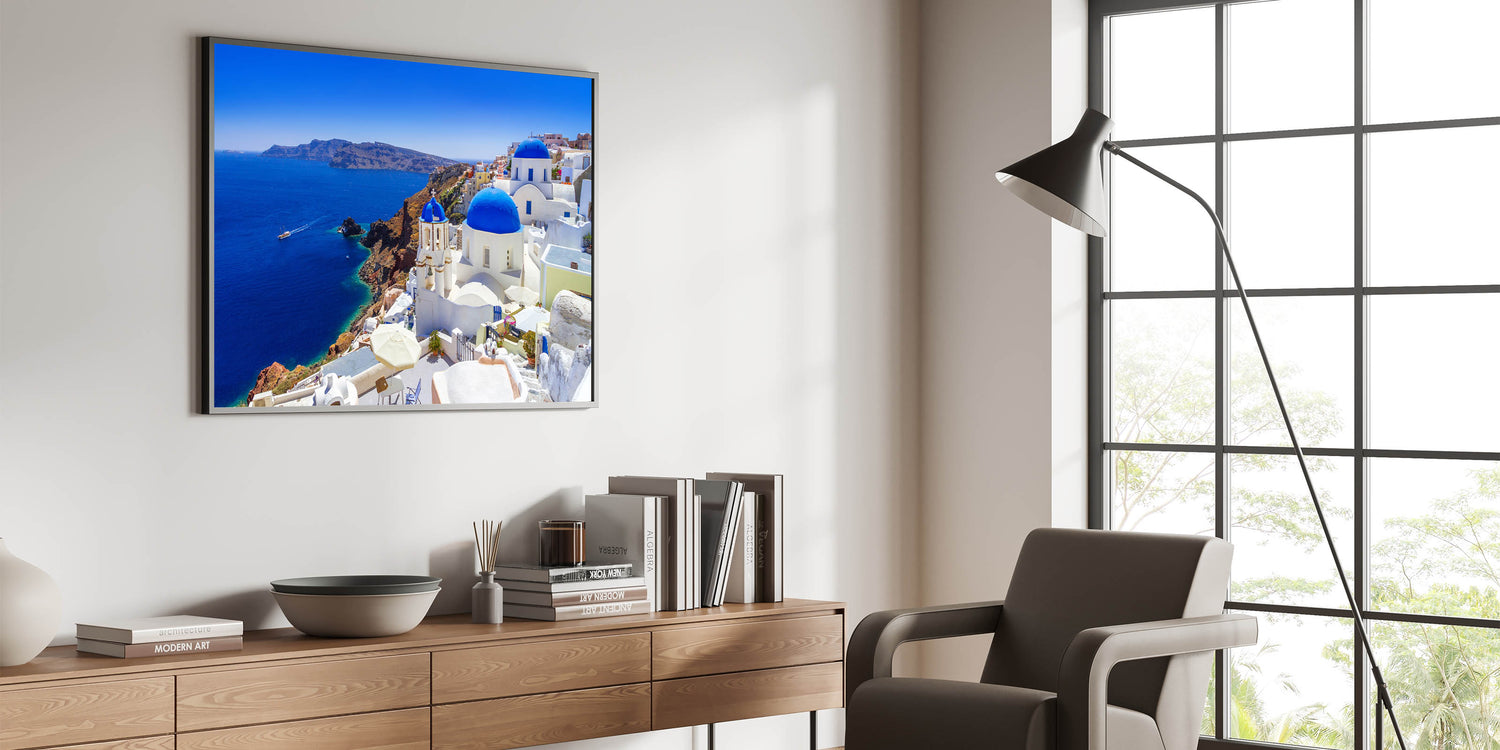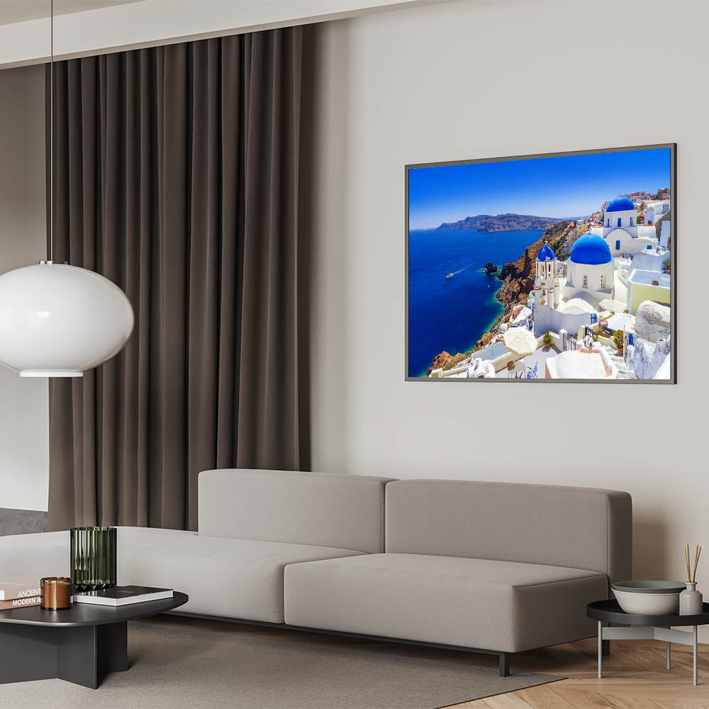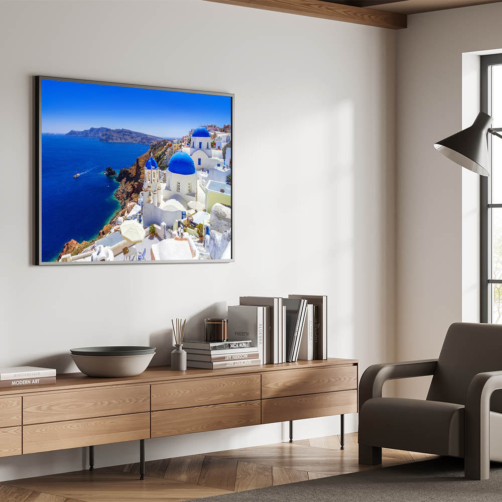 Immerse yourself in the beauty of Santorini with this stunning Santorini wall art. Capturing the breathtaking coastal landscape, this Greece landscape art showcases the island’s iconic blue domes, crisp white architecture, and the vibrant turquoise waters of the Aegean Sea. Perfect for adding a touch of Greek island decor to your home, this print brings a piece of the Mediterranean into any room.
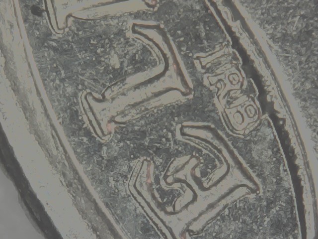 COIN SHOWS WHAT I BELIEVE TO BE DOUBLING ON OBVERSE. REVERSE SHOWS NO ERRORS. SEE PICTS. THIS IS A BEAUTIFUL COIN THAT LOOKS AS IF IT COULD BE SILVER.
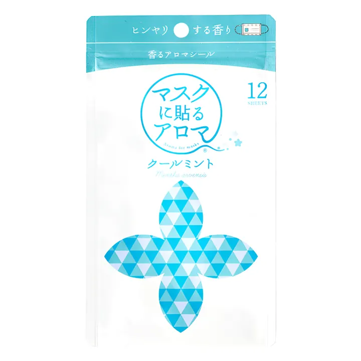 100%天然アロマオイルを浸透させたシールで、マスクに貼るだけでマスク内をアロマの香りで包みこまれます。 マスク装着時のニオイの不快感を緩和してマスクを付けるのが楽しくなります♪ シールには香りをイメージしたイラスト入りなので、貼るだけでオリジナルマスクに変身します。 メントールの配合量が多い和種薄荷(ハッカ油)を使用。 眠気も覚める強い清涼感は夏場や運動中などマスクが息苦しく感じる時にオススメです。 【内容】 12枚入り (1シート(6枚)×2) 【生産国】 日本 【使用精油】 和種薄荷(精油産地:インド)
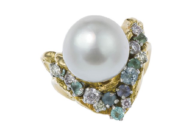 【Lot0812】 パール マルチカラーストーン リング
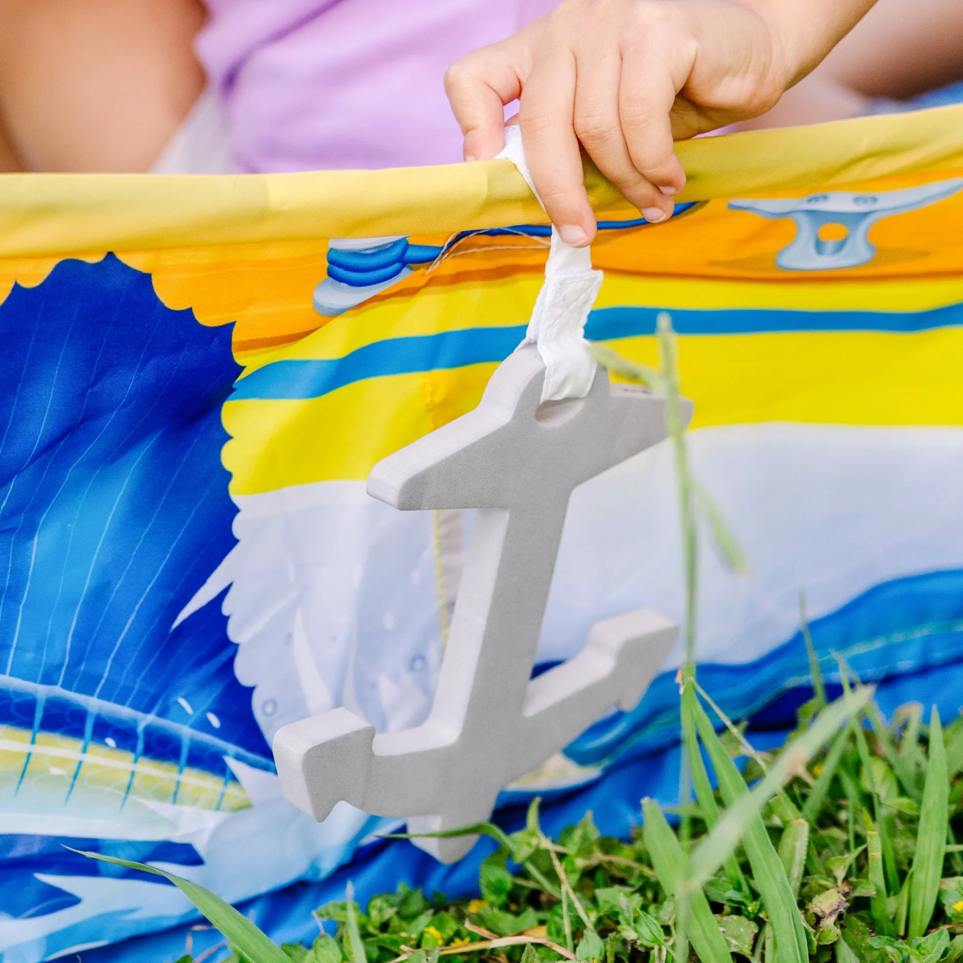 Let imaginations set sail and explore pretend play boating adventures anywhere, anytime with this easy-to-assemble sturdy tent-fabric sailboat! The play set includes a foam rudder and anchor, a removable, reusable sign to name the vessel, and a collectible Let’s Explore™ medallion. Special features include extra-sturdy material for the floor, sides, and sail, and realistic, detailed artwork. There’s plenty of room for multiple kids to play: Assembled boat is approximately three feet high, three feet long, and two feet wide. Pieces store in a handy take-along storage tote. Boat does not float; do not use in water. Let’s Explore™ encourages kids to connect with the natural world through imaginative play! Discover the joy of outdoor adventures that instill curiosity and confidence while inspiring kids to say, “Let’s Explore™”!
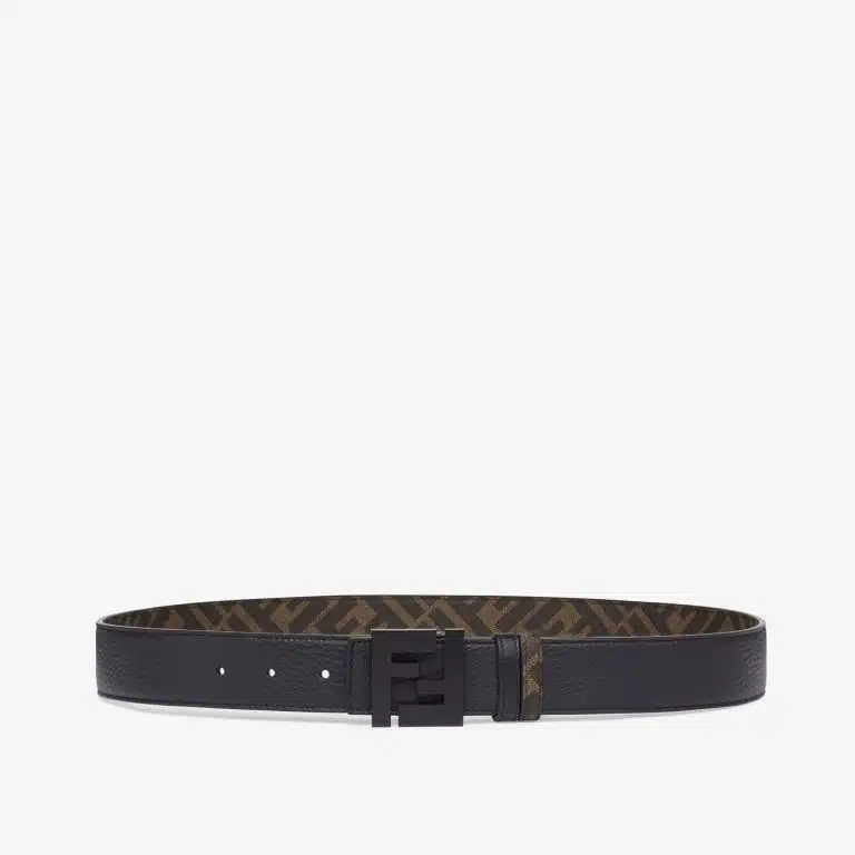 Reversible belt with two loops. Iconic FF stud buckle. Made of black Cuoio Romano leather. Reverse side in fabric with tobacco and black FF motif. Black enamelled metalware.
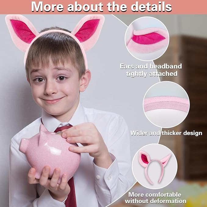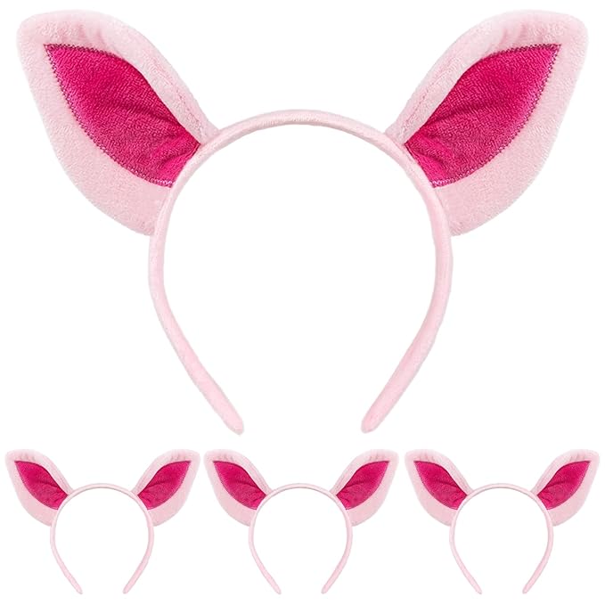 Beviliu Pig Ears Headband - Animal Pig Ears Costume for Adult, Cat Dog Bunny Fox Ears Headwear for Halloween Christmas Animal Theme Party Cosplay, 4Pack
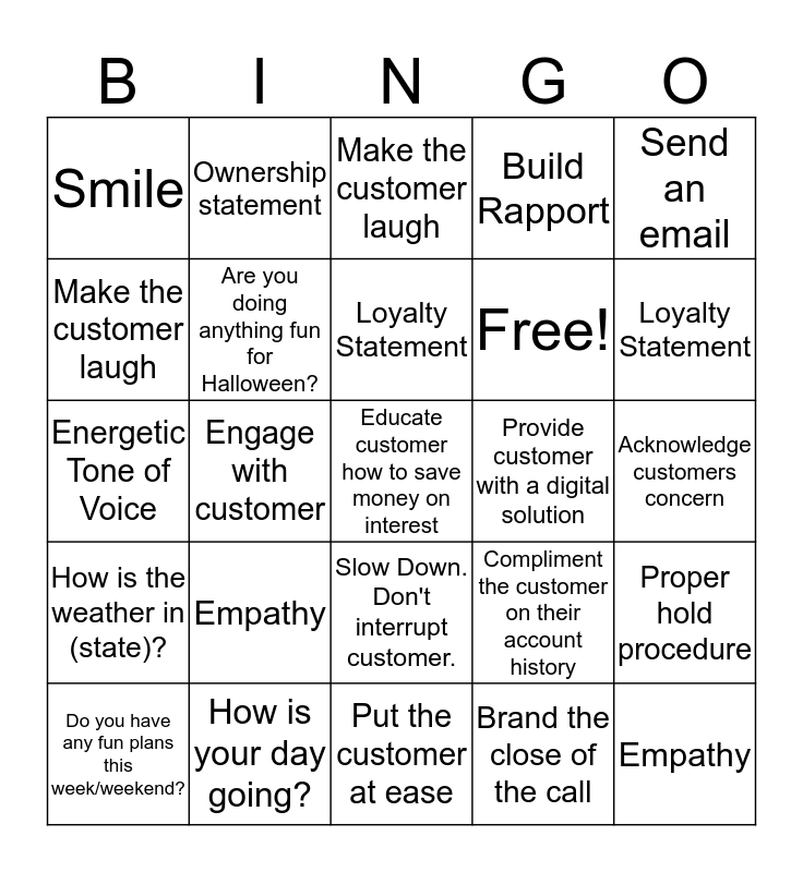 This bingo card has a free space and 24 words: Empathy, How is your day going?, Loyalty Statement, Do you have any fun plans this week/weekend?, Send an email, Smile, Make the customer laugh, Ownership statement, Provide customer with a digital solution, Slow Down. Don't interrupt customer., Free!, Energetic Tone of Voice, Compliment the customer on their account history, Proper hold procedure, Are you doing anything fun for Halloween?, Brand the close of the call, Acknowledge customers concern, Make the customer laugh, Loyalty Statement, Engage with customer, Empathy, How is the weather in (state)?, Build Rapport and Put the customer at ease.
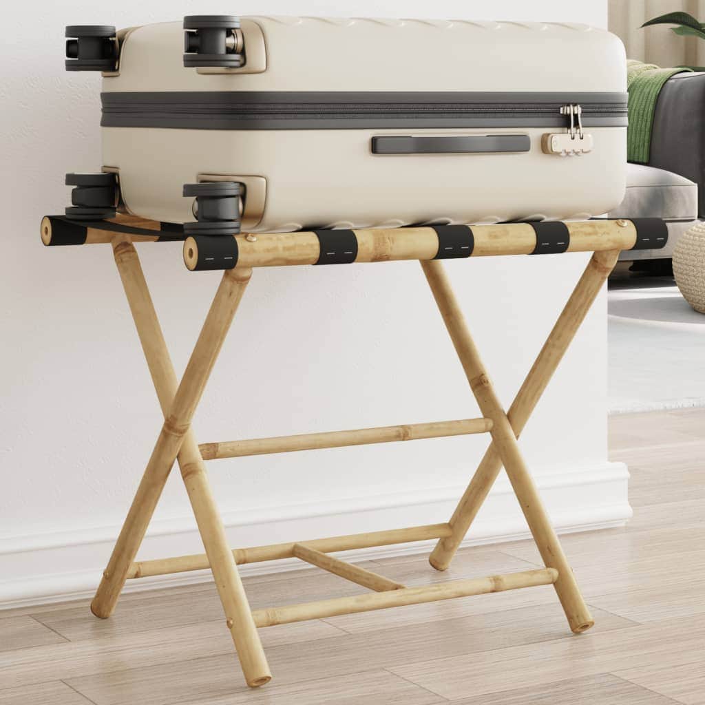 This luggage rack is the perfect helper to pack, unpack and store your suitcase. Durable material: Bamboo is known for its flexibility and hardness. Bamboo furniture is a good option when you want sturdy furniture made from natural materials.Ample storage space: The suitcase stand has two shelves. The upper shelf consists of 5 sturdy straps and is large enough to hold larger suitcases and the lower shelf is ideal for shoes or hand luggage.Foldable: The luggage holder can be easily folded up for saving space when not in use.

**Work task:** Leave the pictures out, and transcribe exactly the lines above starting at the one that contains "COIN SHOWS WHAT" and ending at the one that contains "Let imaginations set".

**Completed task:**
 COIN SHOWS WHAT I BELIEVE TO BE DOUBLING ON OBVERSE. REVERSE SHOWS NO ERRORS. SEE PICTS. THIS IS A BEAUTIFUL COIN THAT LOOKS AS IF IT COULD BE SILVER.
 100%天然アロマオイルを浸透させたシールで、マスクに貼るだけでマスク内をアロマの香りで包みこまれます。 マスク装着時のニオイの不快感を緩和してマスクを付けるのが楽しくなります♪ シールには香りをイメージしたイラスト入りなので、貼るだけでオリジナルマスクに変身します。 メントールの配合量が多い和種薄荷(ハッカ油)を使用。 眠気も覚める強い清涼感は夏場や運動中などマスクが息苦しく感じる時にオススメです。 【内容】 12枚入り (1シート(6枚)×2) 【生産国】 日本 【使用精油】 和種薄荷(精油産地:インド)
 【Lot0812】 パール マルチカラーストーン リング
 Let imaginations set sail and explore pretend play boating adventures anywhere, anytime with this easy-to-assemble sturdy tent-fabric sailboat! The play set includes a foam rudder and anchor, a removable, reusable sign to name the vessel, and a collectible Let’s Explore™ medallion. Special features include extra-sturdy material for the floor, sides, and sail, and realistic, detailed artwork. There’s plenty of room for multiple kids to play: Assembled boat is approximately three feet high, three feet long, and two feet wide. Pieces store in a handy take-along storage tote. Boat does not float; do not use in water. Let’s Explore™ encourages kids to connect with the natural world through imaginative play! Discover the joy of outdoor adventures that instill curiosity and confidence while inspiring kids to say, “Let’s Explore™”!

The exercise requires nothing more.